亜炭廃坑を抱える御嵩町は、災害時に避難所となる施設の地盤を調査する事業費を新年度予算に盛り込む方針を固めた。事業費の3分の2は、鉱害復旧のための基金でまかなう。石炭産地などの鉱害復旧のための基金は全国12県に設置されているが、まだ被害が起きていない場所の調査に基金を充てるのは、全国でも初めてのケースとなる。(高木文子)
今回の調査について、渡辺公夫町長は「将来的に地下の充填(じゅう・てん)(穴埋め)を試験実施することも視野にした前向きな調査」と位置付ける。町内にある小中学校、公民館など23カ所の避難所のどこを対象にするのか、検討を進めている。
町の市街地の4割は亜炭層で、多くの廃坑を抱える。昨年9月には東西40メートル、南北30メートルにわたる陥没があり、住宅や畑が被害を受けた。
02年度に設置された鉱害復旧のための基金には、被害が出る前に調査や対策を取る仕組みがなかった。
柳川喜郎前町長は「国に予防策を働きかけたい」と、02年から町独自の調査を実施。東海地震により、町内の30メートルより浅い個所で153カ所の陥没の恐れがあると分かった。05年には金子一義議員が、衆院予算委員会で「防災面で放置できない問題」と指摘した。
県と国が協議し、07年度から県内4市町が災害避難所の調査に1250万円ずつ使える仕組みが出来た。
県内で調査費を使える瑞浪、可児、中津川の各市は静観の構えだ。「避難所の地下に坑道がない」(瑞浪市)、「地価にもかかわる非常にデリケートな問題。地元の区長が住民全体の意向を取りまとめて要望を出せば、対応を考える」(中津川市)などとする。
防災の観点から基金を使うのは、全国でも初めてになる。「ほとんどの県が基金を取り崩して復旧費に充てている状態」(NEDO=新エネルギー・産業技術総合開発機構)だからだ。
基金ができた02年度当時、全国の鉱害復旧費の9割を占めた福岡県は、06年度の復旧費は8億3千万円で、基金の残高は358億円。02年度から約26億円を取り崩した。管理する特定鉱害復旧事業センター(福岡市)は「復旧工事で手いっぱい。防災面まで考えがいっていない」と話す。
◆傾く家、地下の対策なく
一方、鉱害の被害者や御嵩町は、基金とは別の救済の仕組みを訴える。
1月下旬。9月の陥没で家の床が傾くなどした佐々木宏さん(62)が、基金を管理する県産業経済振興センターと話し合った。
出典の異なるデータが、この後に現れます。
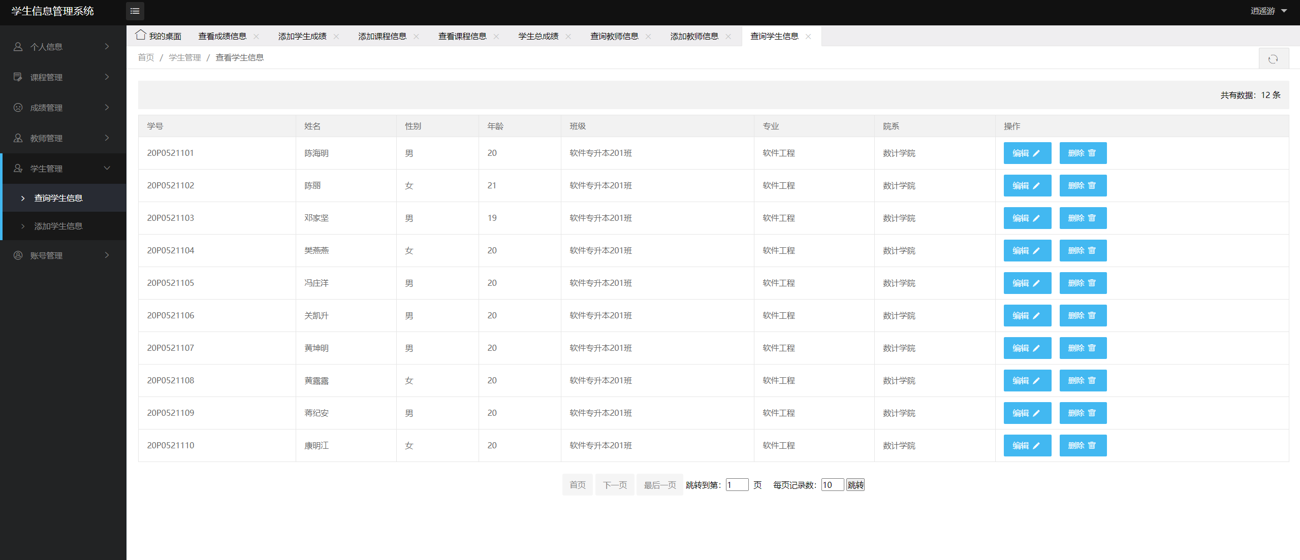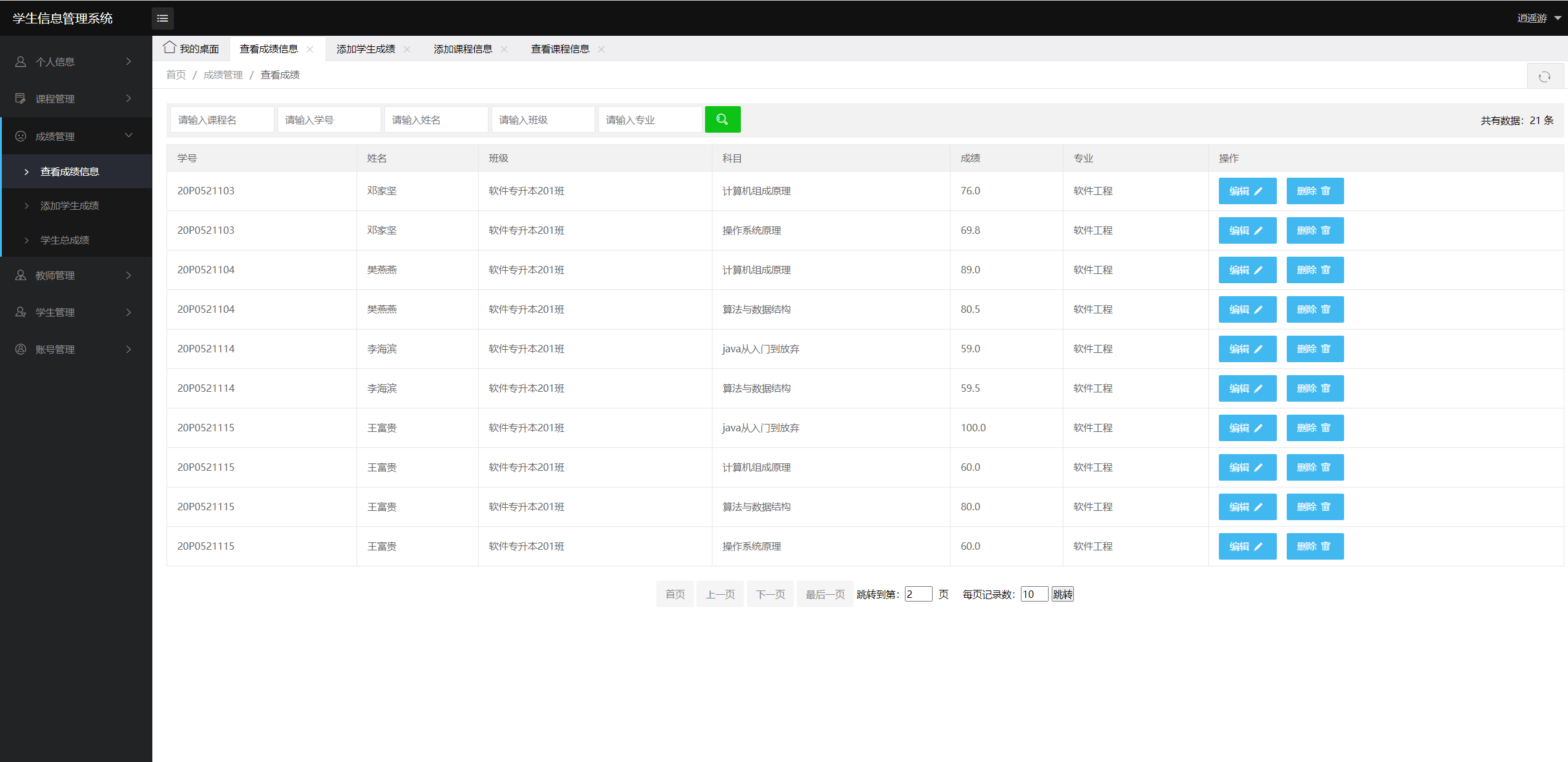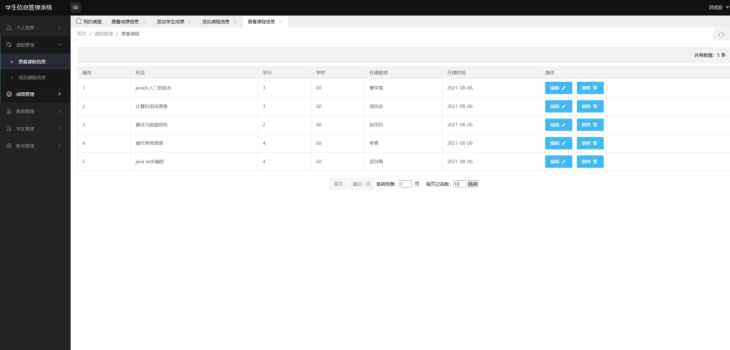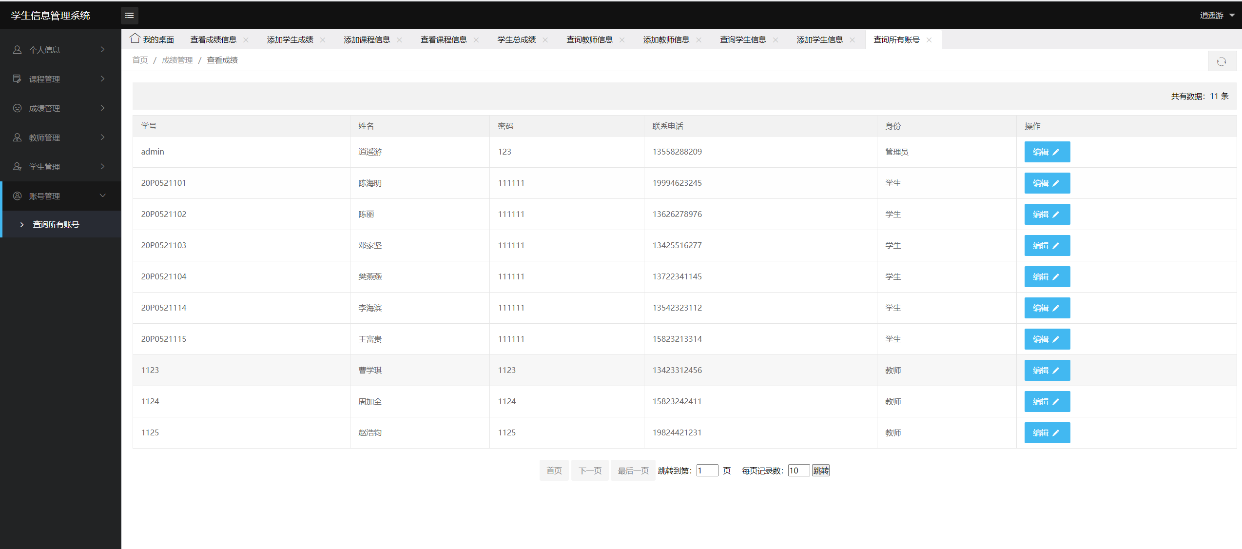 管理员登录后,查看个人信息、学生管理、课程管理、成绩管理、教师管理、账号管理。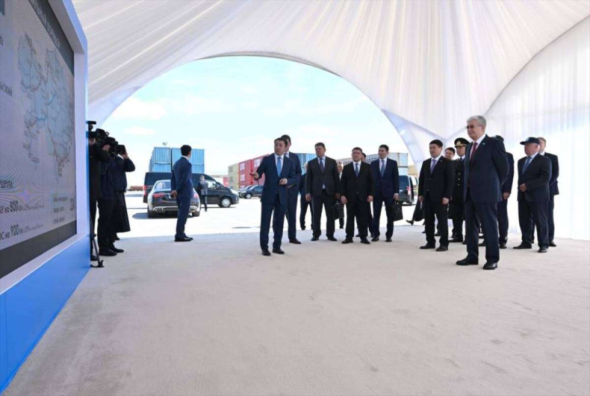 Ulaştırma Bakanı Marat Karabayev, burada Tokayev'e bölgenin ulaşım ve lojistik altyapısını geliştirmeye yönelik çalışmalar hakkında bilgi verdi.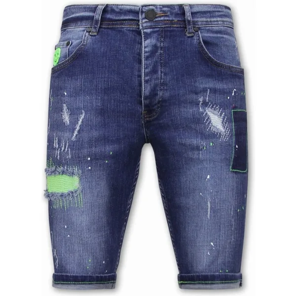 Exclusieve Slim fit Korte Broek Heren - 1044 - Blauw - Specificaties:- Slim fit Korte Broek Heren - Artikelcode:LF2-DNM-1044- Pasvorm: Slim Fit / Stretch- Sluiting: Knopen- Patroon: Ripped / Paint drops- Materiaal: 98% Coton, 2% 2% Spandex- Weefsel: Denimweefsel - Zakken: 2 Voorzakken en 2 Achterzakken- Wasvoorschrift: Machinewas 30 graden (Niet in de droger)- Beschikbare maten: 29 - 30 - 31 - 32 - 33 - 34 -36 -38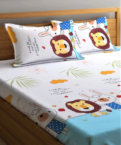 Lion & Bunny Buddies Kids Super King Fitted Bedsheet With 2 Pillow Covers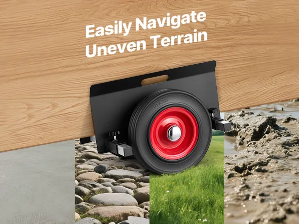 Wyposażony w 2 koła z pełnej gumy, które skutecznie amortyzują wstrząsy i są odporne na przebicia gwoździami lub brudem, co zapewnia długą żywotność.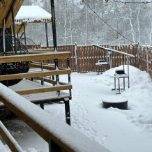Ухоженная территория, мангальная зона для вкусных мясных вечеров, охраняемая парковка и конечно же невероятные виды на заснеженные вершины и бескрайнее небо.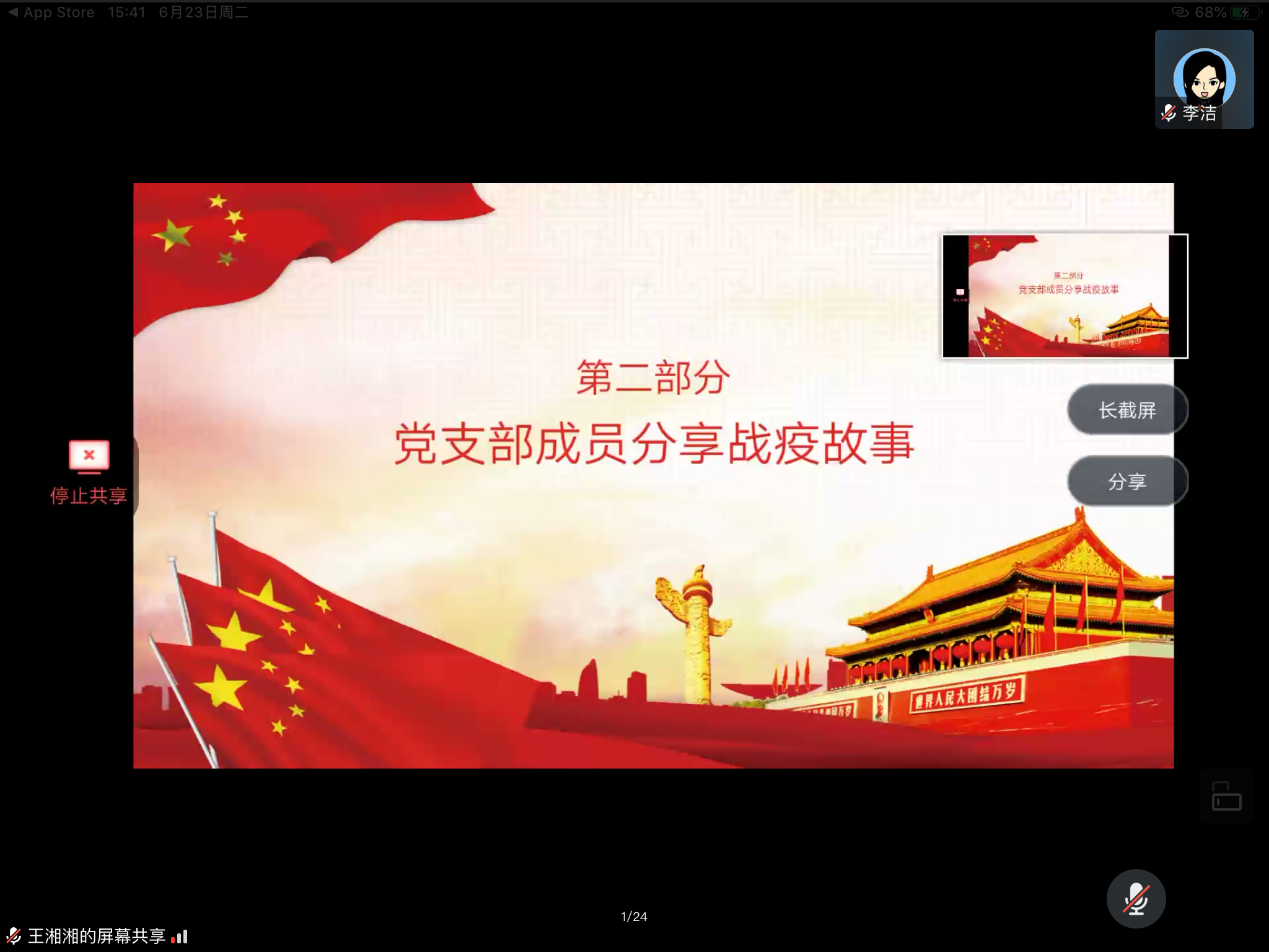 会议第一项是支部书记上微党课,党课主题是“让党旗在防控疫情斗争第一线高高飘扬”。支部书记李洁老师通过分享灵犀直播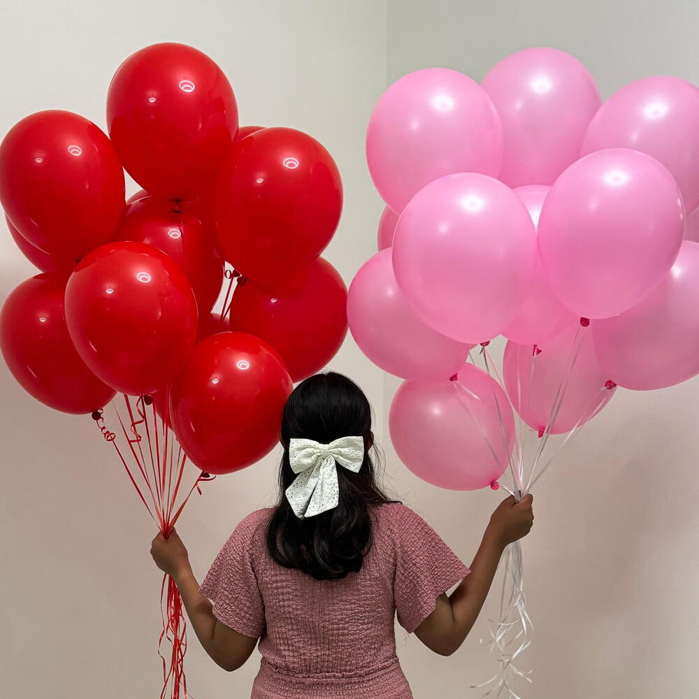 Make any moment feel extra special with this vibrant bunch of 24 helium-filled latex balloons. Featuring 12 bold red balloons and 12 soft pink balloons, this set is a perfect mix of romance and fun. Light, airy, and eye-catching, it instantly elevates any space and sets the mood for celebration. Ideal for Valentine’s Day, Galentine’s parties, anniversaries, birthdays, proposals, or just because—you don’t need a reason to add a little joy. Whether you’re surprising someone special or decorating for an event, this balloon set brings effortless charm and festive vibes. ✨ What makes it special: Fly time 8 to 12 hours 24 premium latex balloons filled with helium Romantic red and pink color palette Perfect for love-filled celebrations and cheerful gatherings A simple yet stunning décor statement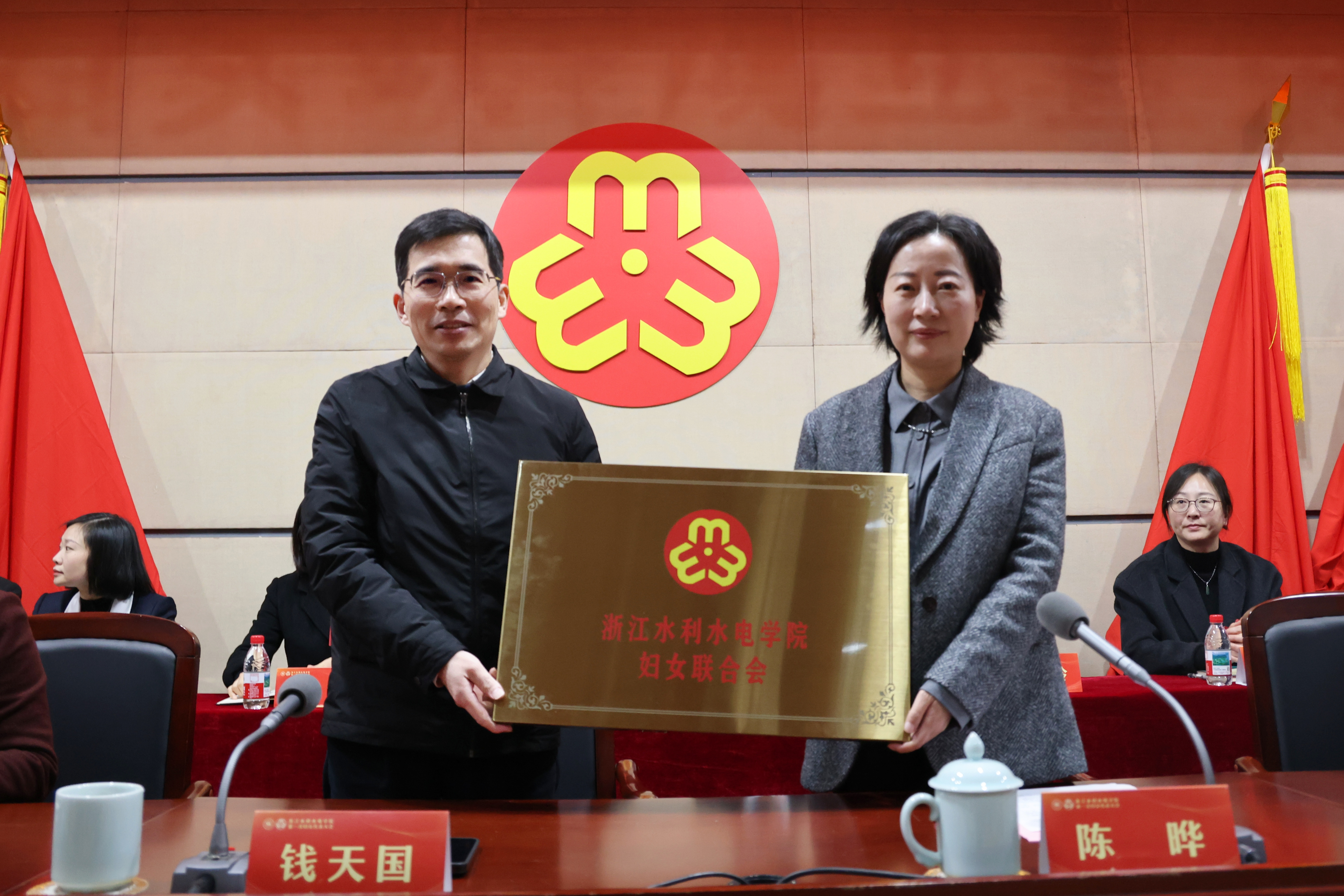 陈晔为学校妇女联合会授牌,钱天国代表学校接牌。
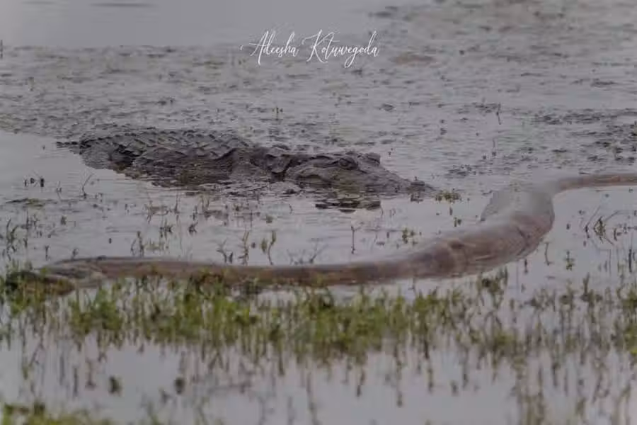 鱷魚與巨蟒的遭遇戰,蟒蛇剛剛進食完正處於疲憊期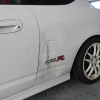 【大きなヘコミも板金修理で元通り・・・!】 板金塗装修理のご依頼です。ホンダ・インテグラ タイプRです。 ネッ …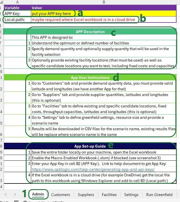 App Keys are used to authenticate the user from the Excel App on the Optilogic platform. To get an App Key that you can enter into your Excel Apps, see this Help Center Article on Generating App and API Keys. During the first run of an App, the App Key will be copied from the cell it is entered into to an app.key file in the same folder as the Excel .xlsm file, and it will be removed from the worksheet. This is done by using the Manage_App_Key Sub procedure described in the “Optilogic.bas VBA Module” section above. User can then keep running the App without having to enter the App Key again unless the workbook or app.key file is moved elsewhere.

同センターの業務規定で、復旧対象は家屋の傷みだけ。地下に陥没の原因となった廃坑が走っていても「予防措置にあたる」として埋められない。妻すみ子さん(57)は「また陥没が起きたら……。次は、家がつぶれてしまうんじゃないかって」。肩を落とした。
「被害者の心情はよく分かる。だが予防に道を開けば(被害が多い)九州は大変なことになる。『パンドラの箱』を開けるようなもの」と、ある職員は明かす。
今回の現場でも、埋め戻しに数千万円がかかるという。約4億9千万円の基金の運用益では、とてもまかなえない。
さらに、陥没でけがを負った場合も、基金で補償できない。今回は家屋に大きな被害を受けたのが1世帯だけだが「ここで納得出来なければ、次の陥没で同じ目に遭う人が出る。新しい制度が必要」と佐々木さん。
最初の陥没で数ミリだった軒下の亀裂は、4カ月で5センチほどに広がった。一日も早く復旧工事が始まって欲しいが、工事に同意するかどうか決めかねている。
■鉱害 石炭などの採掘による地盤沈下や傾斜で、家が倒れたり土地が陥没したりした被害。かつては国が中心になって復旧にあたったが、「炭坑節」で知られる九州の筑豊地方では、巨額の復旧事業に介入して利益をあさる「鉱害屋」が横行。贈収賄も相次いだ。02年度に岩手、山形、愛知、福岡、長崎など12県で、NEDOと各県による基金が設置された。